I looked into the kitchen, where Marlene was chopping vegetables for dinner.

“I’m going upstairs to rest for a while. Were there any calls?”

“No, Miss Charlotte. Shall I serve dinner at the usual time?”

“Six o’clock is fine. Are Shelley and Michael in the nursery?”

“She took him out to one of the farm ponds to see the geese. They’ve been making a terrible racket all day. I sent yesterday’s bread with them.”

“But it’s so cold.”

“They were bundled up.”

With that, Marlene turned back to the vegetables and I knew our conversation was over.

Not really satisfied that Michael was sufficiently warm, I thought for a moment that I might follow them out to the pond.
But Nonie’s voice in my head told me to stop being such a worrier. Michael was safe with Shelley, who, while not terribly bright, had lots of experience with toddlers and animals.

As I went upstairs, watched by all the expectant faces of the portraits lining the walls, I remembered that I’d missed another hair appointment. I had used a new round hairbrush and hairspray to keep my hair neat, and teased it, but perhaps it did need a trim. When I reached the second-floor gallery, I stopped at the gilt-framed Italian mirror that Olivia had sent home from one of her antique-shopping trips to New York.

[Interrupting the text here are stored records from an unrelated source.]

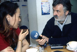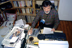 Udo Seiwert-Fauti ist ein Ein-Mann-Unternehmen, eine Marke. Er ist der „einzige deutsche Journalist, der im schottischen Parlament akkreditiert ist.“ Dafür steht er und damit wirbt er. Sein ‚Studio’ ist ein schmuckes honigbraunes, Reihenhaus mit Vorgarten im Süden von Edinburgh. Von seinem kleinen Büro aus beliefert er Radiostationen der ARD, die BBC und mehrere Zeitungen sowie Fachzeitschriften. Sein Tor zur Außenwelt: der Computer mit Schnitt-Programm und ein 15.000 Euro teures Reporterset. Hier liest er live seine Texte und spielt dazu die O-Töne per Computer ab. Seine Beiträge überträgt er per ISDN in die Schalträume der deutschen Sender. Dann heißt es gewöhnlich: „Hallo, hier ist Udo Seiwert-Fauti aus Edinburgh .... Jetzt schneiden, jetzt schneiden...“ Hinter ihm lagern derweil seine Schallplattensammlung, zugleich auch sein Musikarchiv und reihenweise Bücher im Regal. Wohnzimmeratmosphäre. Wenn Seiwert-Fauti zum Fenster hinausblickt, dann blickt er auf Edinburghs schroffen, grünen Hausberg Arthur´s Seat. Aber für die schöne Aussicht bleibt oft keine Zeit: Themenangebote müssen raus, Kontakte gepflegt und neue Beiträge produziert werden. „Sehen sie, das sind meine Themen“, sagt er und hält einen hiesigen Zeitungsartikel über einen deutschen Wissenschaftler, der Goldfische zum Wasserklären benutzt, hoch. „Ich muss Marktnischen suchen, das bieten, was die Korrespondenten in London nicht liefern“, erklärt er.
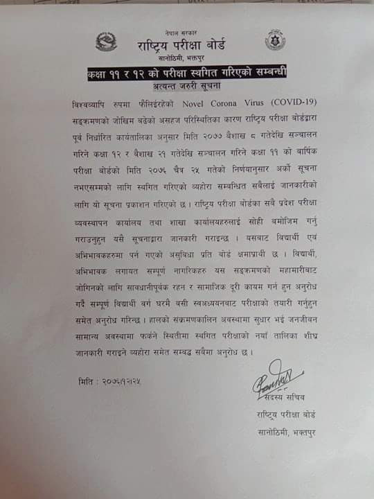 मंगलबार बसेको परीक्षा बोर्डको बैठकले वैशाख २१ गतेदेखि हुने भनिएको कक्षा ११ को परीक्षा र वैशाख ८ गतेदेखि हुने भनिएको कक्षा १२ को परीक्षा अर्को सूचना जारी नहुञ्जेलका लागि स्थगित गर्ने निर्णय गरेको हो।
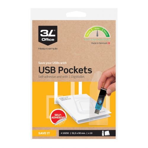 USB-lommer er den ideelle måten å lagre og beskytte USB-ene dine på. Bruk den medfølgende DigiWallet (dekselet) for å organisere USB-enhetene dine og holde dem innen rekkevidde. Selvklebende USB-lommer har en praktisk lukkeklaff som sørger for at USB-ene ikke faller ut.
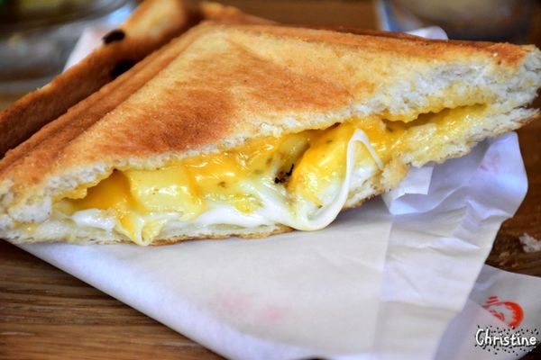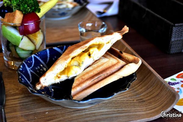 ▼ 如下就是熱壓吐司 , 下午也可以點和早餐口味一樣只是少了青醬蕈菇起司

Holly had been wrong. The face looking back at me in the mirror didn’t look tired at all. My makeup was still fresh from the morning, and the area beneath my eyes held only a hint of a shadow. I liked the leaner lines of my face. Nonie had been gently harping at me for months to be more careful with my figure, and I guessed that now she might be satisfied.

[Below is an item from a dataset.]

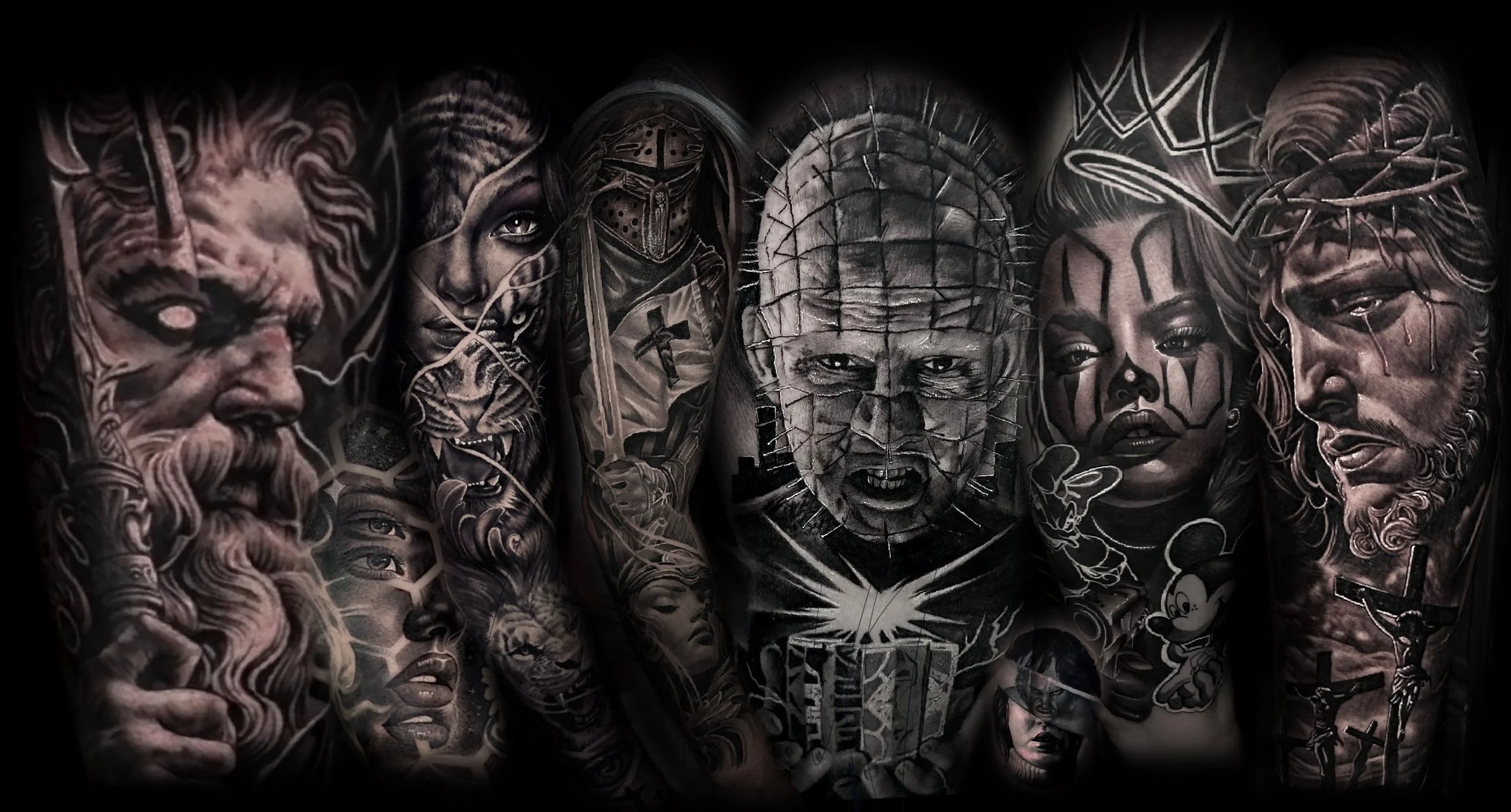 A collage of detailed black and gray tattoos featuring various themes, including mythological figures, a woman with a tiger, a medieval knight with a cross, a character with a pin-covered head, a woman with clown makeup, and religious imagery like crucifixion.
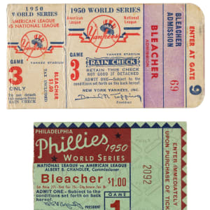Pair of ticket stubs issued to the 1950 World Series between the New York Yankees and Philadelphia Phillies. 1) Game 1 played at Shibe Park (Philadelphia). Won by the Phillies 1-0. Gd-Vg. 2) Game 3 played at Yankee Stadium (New York). Won by the Yankees 3-2. Fr. Total: 2 ticket stubs.

As I continued to my room, I passed beneath the corner of the third-floor gallery where Press’s father had hanged himself. I should have been horrified. Afraid. But I felt only pity.

I spent the next two hours—with an interruption to have a snack with a ruddy-cheeked Michael who’d been very excited by the geese—moving my clothes and other belongings into Olivia’s room. It was where I belonged. Afterwards, I took Michael with me into the freshly painted ballroom while Shelley went to tidy the nursery.